Task brief >> For the data that follows, return each line unchanged and drop the pictures.

[[ Exercise data, beginning ]]

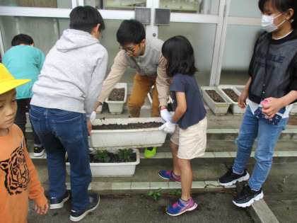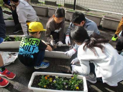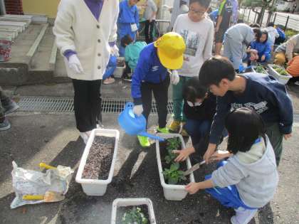 苗を植え、球根を埋めたら水をやり、プランターを移動しました。最後にファミリーのみんなで水やり当番を決めました。春になり、花いっぱいの学校になるのが楽しみです。
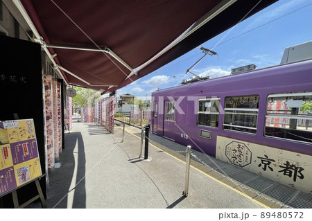 嵐電の電車 嵐山駅 京都 京都市 京都府
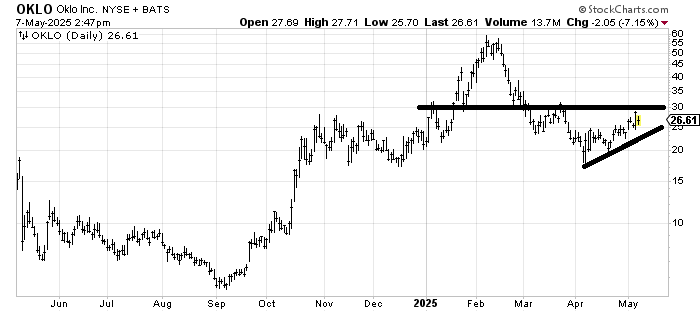 Oklo OKLOF looks to be working on the right shoulder of a head and shoulders bottom. Or is it working on the right shoulder of a much larger head and shoulders top? I’ll go with the former for now as long as it doesn’t break that short-term uptrend line.

[[ Exercise data, end ]]

Result of the task >>
 苗を植え、球根を埋めたら水をやり、プランターを移動しました。最後にファミリーのみんなで水やり当番を決めました。春になり、花いっぱいの学校になるのが楽しみです。
 嵐電の電車 嵐山駅 京都 京都市 京都府
 Oklo OKLOF looks to be working on the right shoulder of a head and shoulders bottom. Or is it working on the right shoulder of a much larger head and shoulders top? I’ll go with the former for now as long as it doesn’t break that short-term uptrend line.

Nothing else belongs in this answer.